The new research findings, which appeared in the journal Public Library of Science (PLoS), show effective silencing of the alpha-synuclein gene with an RNAi therapeutic administered directly to the substantia nigra in the central nervous system (CNS) of non-human primates.
Alpha-synuclein is widely believed to play a central role in the development of Parkinson's disease, where the accumulation of excess alpha-synuclein protein in the substantia nigra has been associated with the cause and/or progression of the disease.
The published data demonstrate that direct delivery of chemically modified siRNAs specific for alpha-synuclein resulted in significant silencing of the target gene in the substantia nigra in the non-human primate brain. A significant 40 to 50 percent suppression of both alpha-synuclein mRNA and protein levels was observed in treated animals, as compared to controls.
In these preliminary studies, the siRNA was found to be well tolerated after direct CNS administration; no complications or adverse events were observed, including the absence of detectable microglial activation or change in the number of nigral dopaminergic neurons, both of which are indicators of inflammation and general neurotoxicity that are important to investigate for any novel therapeutic. The results suggest that RNAi therapeutics may be useful in reducing the pathogenic burden of alpha-synuclein in patients with Parkinson's disease.
The probable mechanism of action is explained by Dr. David Bumcrot, director, research at Alnylam: "The siRNA unwinds and is incorporated into the RISC complex, where it is then directed towards the targeted messenger RNA (mRNA) that is known to be involved in the disease pathway. The specific mRNA gets degradedóor silencedóthereby preventing the disease-causing proteins from being made," Bumcrot says.

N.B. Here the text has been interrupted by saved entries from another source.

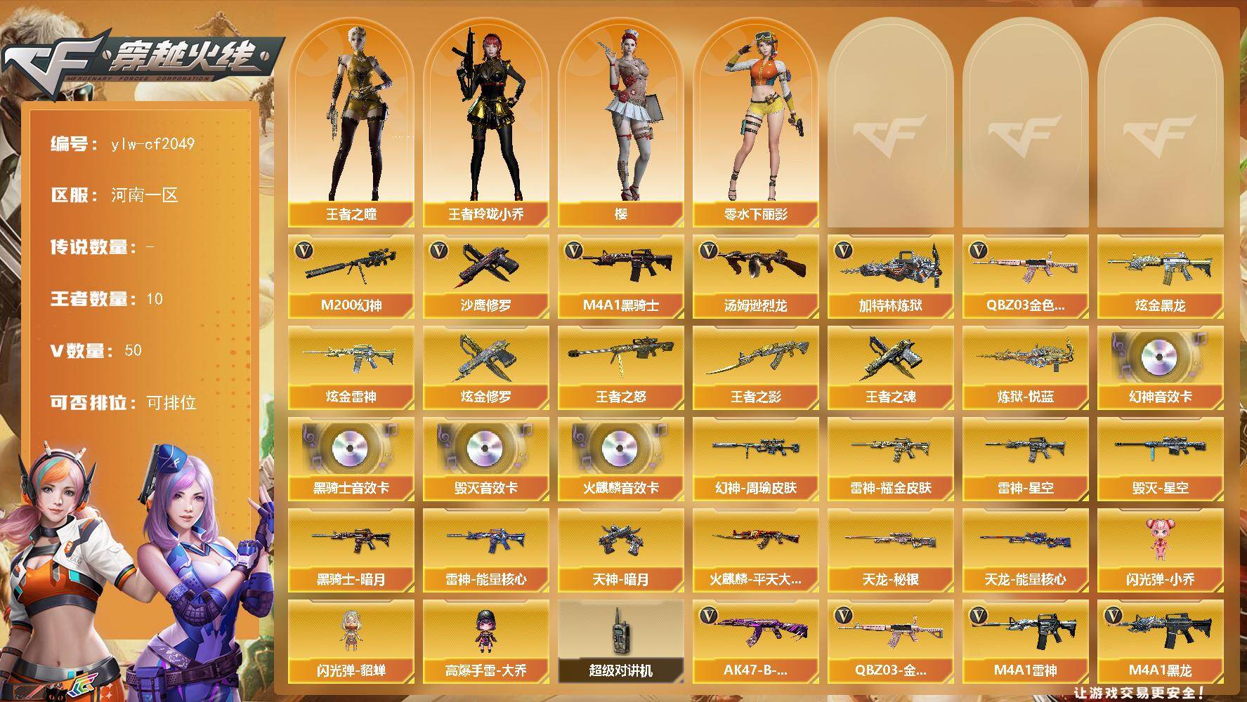 [16748803]河南一区-50V-10王者-4炫金 【热门武器】:QBZ03-金色蔷薇,M200-幻神,M4A1-黑骑士,汤姆逊-烈龙*2,加特林-炼狱,沙鹰-修罗*3 【王者炫金武器】:炫金黑龙,炫金雷神*2,炫金修罗,炼狱-悦蓝*2,王者之影,王者之怒,王者之魂 【音效卡】:M200-幻神音效卡,AK47-火麒麟音效卡,M4A1-黑骑士音效卡,Barrett-毁灭音效卡 【稀有皮肤】:幻神-周瑜皮肤,雷神-能量核心,雷神-星空,雷神-耀金皮肤,火麒麟-平天大圣,黑骑士-暗月*2,毁灭-星空,天龙-秘银,天龙-能量核心,天神-暗月*2 【角色】:王者之瞳,王者玲珑-小乔,零-水下丽影,樱 【人偶武器】:闪光弹-小乔,闪光弹-貂蝉,高爆手雷-大乔 【暴走生化】:超级对讲机 【英雄级武器】:M4A1-武圣,Glock18-武圣,QBZ03-金色蔷薇,M4A1-雷神*3,M4A1-黑龙,M4A1-玫瑰精灵,M4A1-黑骑士,M4A1-死神,加特林-炼狱,汤姆逊-烈龙*2,AK47-无影,AK47-火麒麟,AWM-天龙,Barrett-毁灭*2,Barrett-极光,M200-幻神,AK47-黑鲨,M4A1-千变,黑武士-锦绣游龙,AK-47-猩红传说*3,AK47-B-战神,AK47-B-常胜将军,M4A1-赤狱骑士,沙鹰-天神,沙鹰-修罗*3,麒麟刺,擎天,龙啸,屠龙*3 【特殊枪械】:1黑骑士,2烈龙,1炼狱
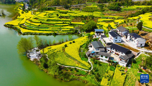 重慶市黔江區(qū)阿蓬江鎮(zhèn)大坪村油菜花開(kāi)放(3月4日攝,無(wú)人機(jī)照片)。(新華社發(fā) 楊敏 攝)
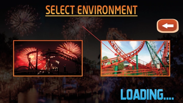 1、在游戏主界面,点击播放按钮,进入环境选择,挑选喜欢的过山车场景(如日间、夜间烟花场景)。
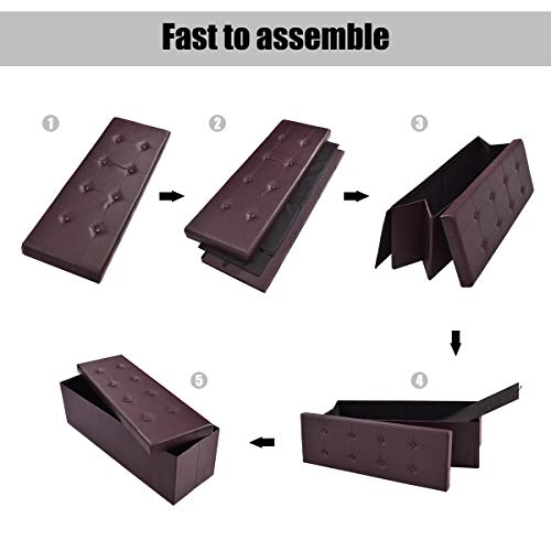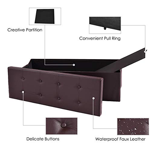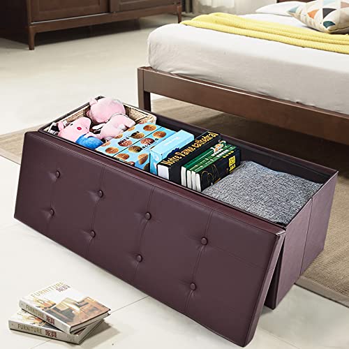 GORELAX 45" Folding Storage Ottoman Bench, Upholstered Shoe Bench Holds Up to 660lbs, Faux Leather Footstool w/Divider, 165L Toy Box Storage for Living Room, Bedroom, Entryway (Brown)
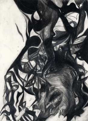 My work explores flux and transformation. The transformation from one material to another, one being to another, one state to another, one moment in time to the next. In my drawings bodies become diaphanous and shatter into pieces. One thing easily slips into another, evading concrete definition. Nothing is pinned down, ambiguity and disorientation reign. The image comes apart and reforms in front of your eyes. It’s like the moment in the darkroom right before the developer sharpens the photograph into focus. Space or ether, what nobel-prize winning physicist Franz Wilczek calls “The Grid”, becomes activated, pulsing with spontaneous activity that creates and destroys.
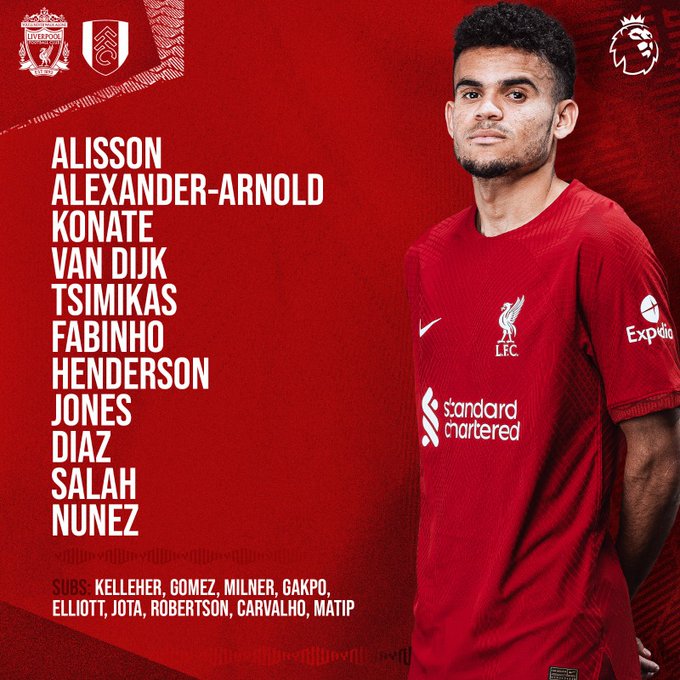 Liverpool (4-3-3): Alisson, Robertson, Van Dijk, Konate, Alexander-Arnold, Jones, Fabinho, Elliott, Salah, Gakpo, Diaz
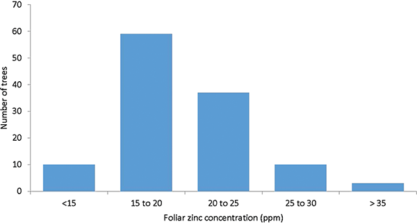 Although the average of measured zinc concentrations within the sampled area (19.9 ppm) exceeded the minimum level known to limit photosynthesis (about 15 ppm), some trees were well below this limit. Photosynthesis rate, vegetative growth, and nut production of the trees containing lower levels of zinc are potentially limited by lack of zinc. It is desirable to manage zinc such that trees in each orchard block with the lowest concentrations exceed a minimal acceptable zinc level. Because it is not practical or economically feasible to sample each tree individually, it is necessary to establish orchard-wide minimum nutrient concentration recommendations. We propose to do this by using estimates of tree-to-tree variability to convert individual tree response data into commercially applicable orchard standards.
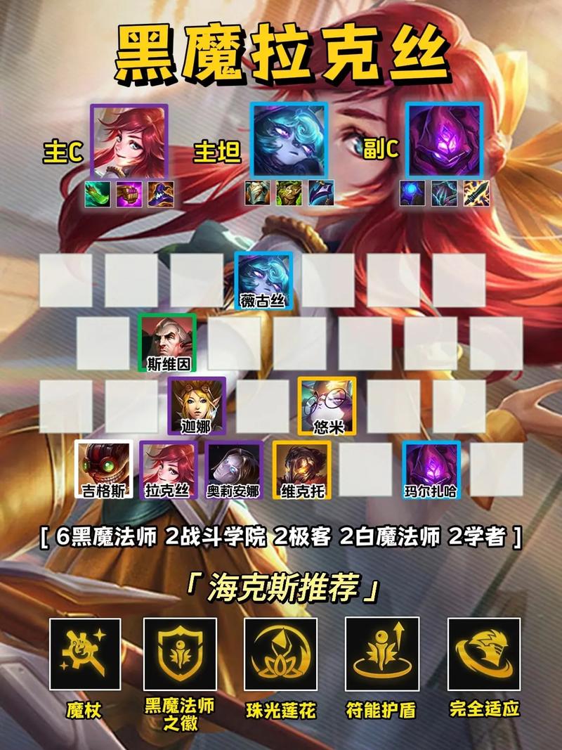 〖Five〗、阵容一:战斗学院永恩 组成角色:青钢影、曙光、布隆、永恩、拉克丝、发条、风女、猫咪、金克丝 装备建议:永恩优先考虑羊刀、饮血、水银,若不理想也可选取正义、泰坦、锋刃。曙光以常规肉装为主,拉克丝则需考虑法术装备。
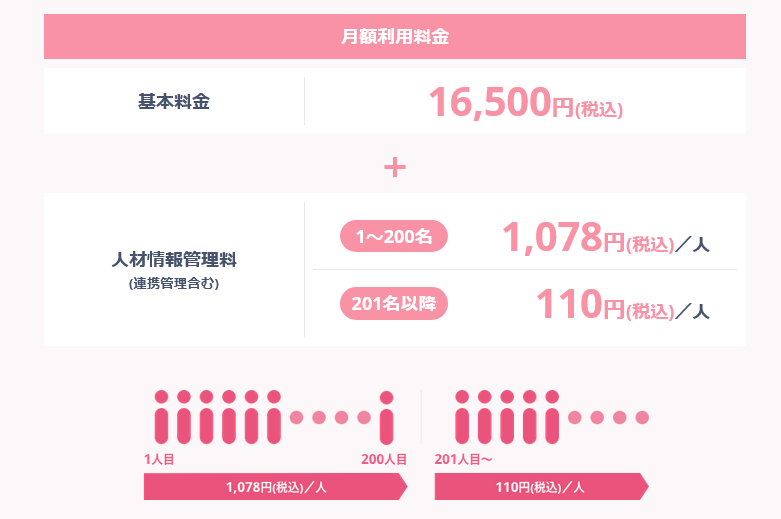 Linkusの月額利用料金は、基本料金16,500円(税込)、人材情報管理費として1人につき、1~200名までは1,078円(税込)、201名以上からは110円(税込)となっています。
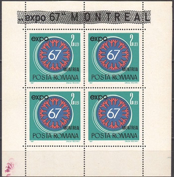 3,99 €Lp.665a – Expo 67 – Montreal – val 2 lei in bloc de 4 – nestampilata
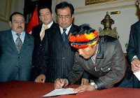 Lima, Perú (Spacio Libre/Andina).- Un acta de entendimiento para poner fin a las protestas en la selva suscribieron hoy el presidente del Congreso, Javier Velásquez Quesquén, y el dirigente de la Asociación Interétnica de Desarrollo de la Selva Peruana (Aidesep), Alberto Pizango.
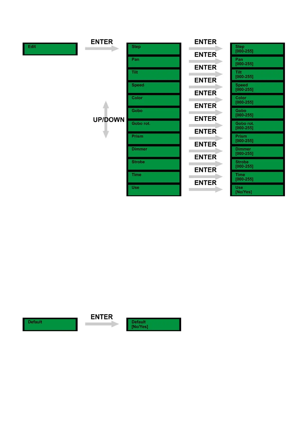 2) Press Enter and use the Up/Down buttons to scroll through the options: Step, Pan, Tilt, Speed, Color,
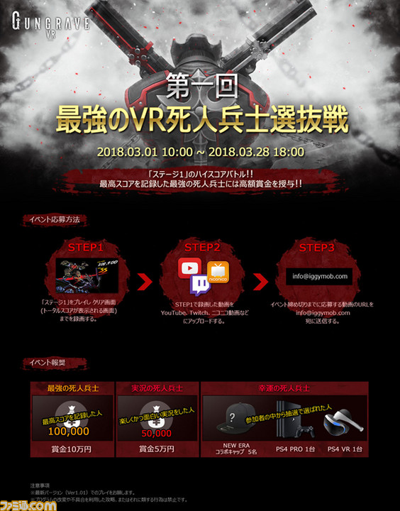 IGGYMOBから配信中のプレイステーション VR対応ソフト『GUNGRAVE VR』。同作に多大なるインスパイアを与えたプレイステーション2用ソフト『GUNGRAVE O.D.』の発売14周年を迎え、ゲーム内イベント“最強のVR死人兵士選抜戦”が実施されることになった。この“最強のVR死人兵士選抜戦”は、ステージ1のスコアを競うイベントで、応募者の中で最高スコアを記録した方を“最強のVR死人兵士”として表彰する。そのほかにも、実況に関する部門や参加者の中から抽選で豪華景品があたるプレゼントのチャンスも!
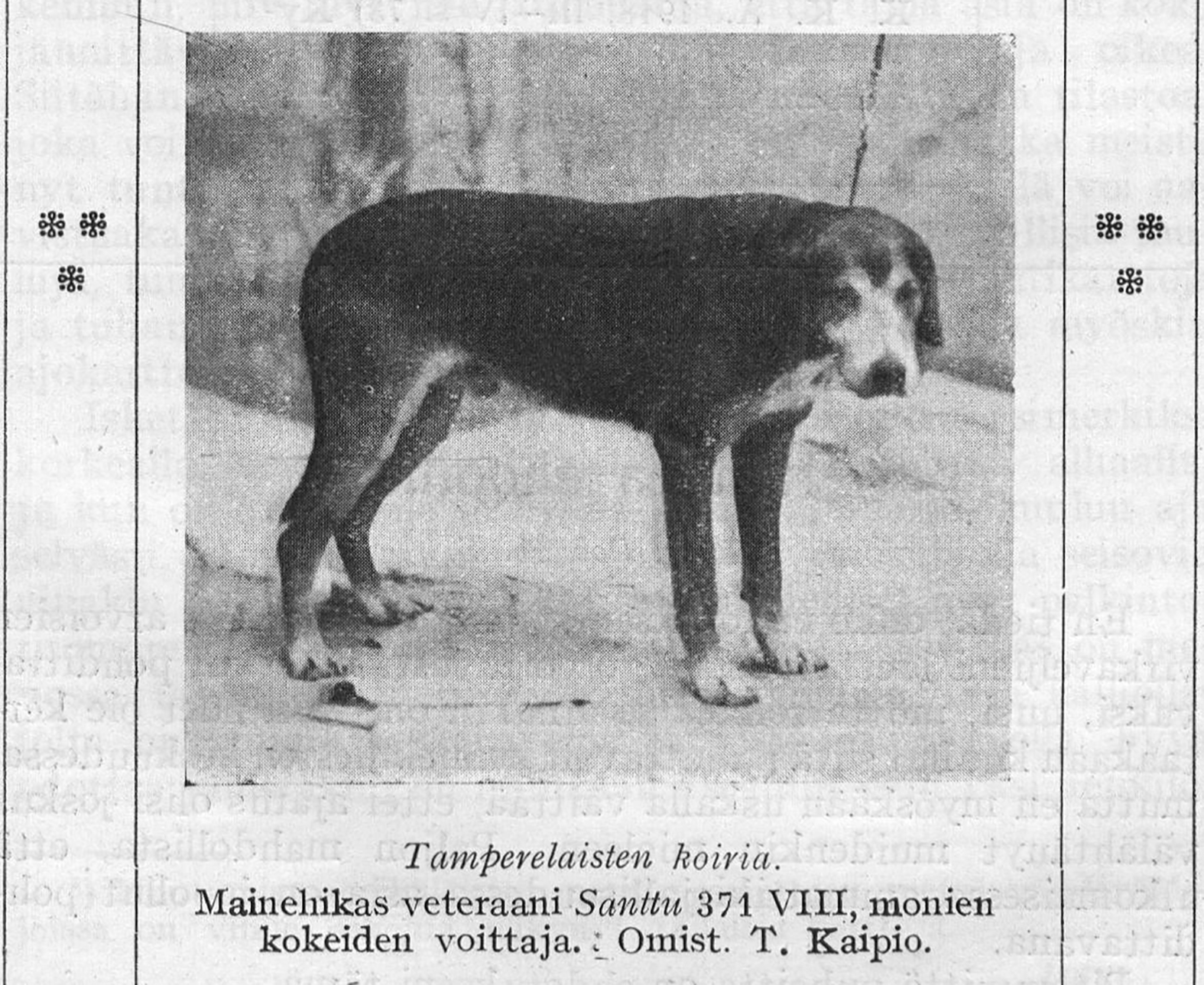Nimimerkki Larus käsittelee Finska Kennelklubbens Tidskriftissä nro 2/1917 suomalaisten ajokoirien jalostusta ja tunnustaa siinä ilmenneet vaikeudet. Palveluksena nartunomistajille hän esittelee kuusi kuumaa nimeä ajokoirien siitosmarkkinoilta.

"A wide range of genetic, epidemiologic and laboratory data support the hypothesis that reducing levels of alpha-synuclein in the brain may slow or even halt the progression of Parkinson's disease and its associated symptoms," says Dr. Donato A. Di Monte, professor and senior research group leader at the German Center for Neurodegenerative Diseases (DZNE) in Bonn, and previously with the Parkinson's Institute. "Accordingly, we are encouraged by these important results. To date, no drugs have been identified that are capable of lowering alpha-synuclein levels, and these data certainly support further development of an RNAi-based approach for the treatment of Parkinson's disease."
"These new findings add to a growing body of data on the applications of RNAi therapeutics for the treatment of neurodegenerative disorders," adds Bumcrot. "Indeed, direct delivery of RNAi therapeutics in the CNS represents an important component of our overall product development strategy. We remain committed to advancing this promising therapeutic modality to patients."
Alnylam has a broad pipeline of RNAi therapeutics currently in clinical and preclinical development for the treatment of a wide range of disease areas, Bumcrot notes, including respiratory syncytial virus (RSV), liver cancers, transthyretin-mediated amyloidosis and hypercholesterolemia. In addition, similar to its efforts in Parkinson's disease, Alnylam is currently developing a treatment for Huntington's disease. This program, known as ALN-HTT, is now in preclinical development and is being developed in collaboration with Medtronic.
The Alnylam-Mayo Clinic-Parkinson's Institute study was funded by a Linked Efforts to Accelerate Parkinson's Solutions (LEAPS) award from the Michael J. Fox Foundation for Parkinson's Research. Alnylam has an agreement with the Mayo Clinic whereby Mayo has granted Alnylam an exclusive license to certain patents and know-how related to alpha-synuclein.